This month has been strange and static. I haven’t been taking a lot of flower pictures nor felt motivated to write. I’m not sure what’s going on with me; this is unusual. Some reasons could contribute to that.
It’s been slightly over a month since Ellis was discharged from the hospital after her heart surgery. I may have some FOMO (fear of missing out) and it’s manifesting itself more as summer wears on, Covid rates rising, my gradual weight gain since last October that is more noticeable now, extended family health issues, my insomnia, etc.
To be honest, I got very upset with myself as I cleaned out my closet. I went up a full size and much of the clothes I have is too tight. That can sour a mood quickly. The flip side is having compassion on myself and being grateful that I’m healthy. Weight gain from stress, lack of exercise, irregular eating, side effects from depression med…they all contribute to it but it still makes me mad!!
Deep inside my heart I know that a certain number on the scale and clothing size do not define happiness or self acceptance, however embracing it as reality is another matter.
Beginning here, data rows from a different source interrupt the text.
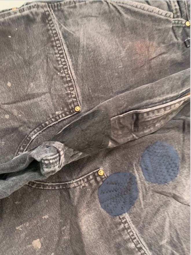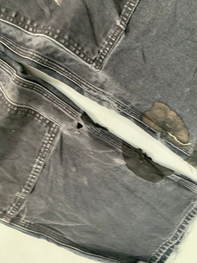 This pair features authentic signs of wear, including light dusty stains and previously damaged areas that have been repaired. The repairs maintain functionality while adding character to the overall rugged aesthetic.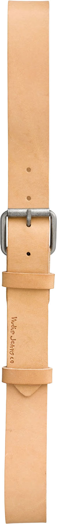 Belt made in vegetable-tanned full-grain leather with a debossed Nudie Jeans logo. Antique silver buckle.
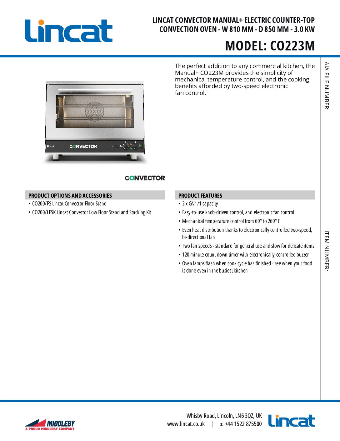 LINCAT Convector CO223M Manual+ Electric Countertop Convection Oven 96L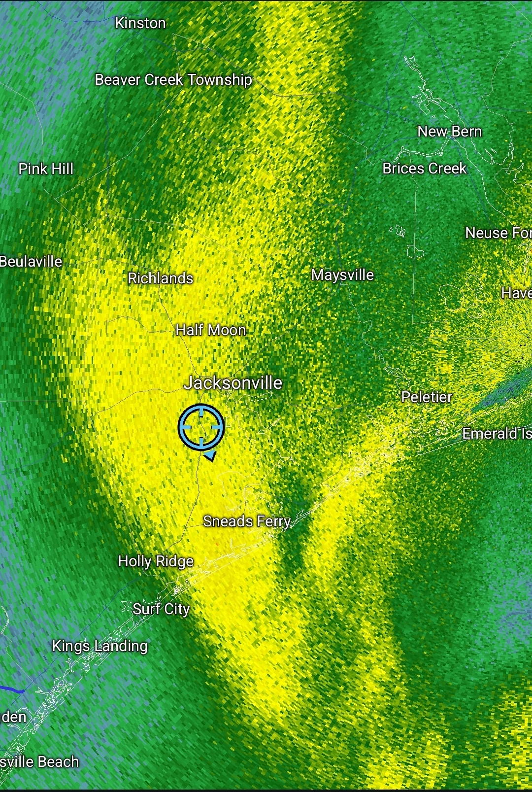 Whopper of a deformation band setting up from Jacksonville to Greenville in E NC right now as the low rapidly deepens with the trough going negatively tilt. Have to think 20"+ or perhaps even two feet is on the table for some. -

I try not to let FOMO affect me, which is a human construct, but it creeps up on me. Please don’t get me wrong and perhaps assume I’m sharing for sympathy. I’m sharing to update on what’s been on my mind and hoping that transparency will help me cross this stagnant hump on the road.
July has been a regular month but it feels incredibly long too; for the latter I’m thankful since summer vacation is still ongoing.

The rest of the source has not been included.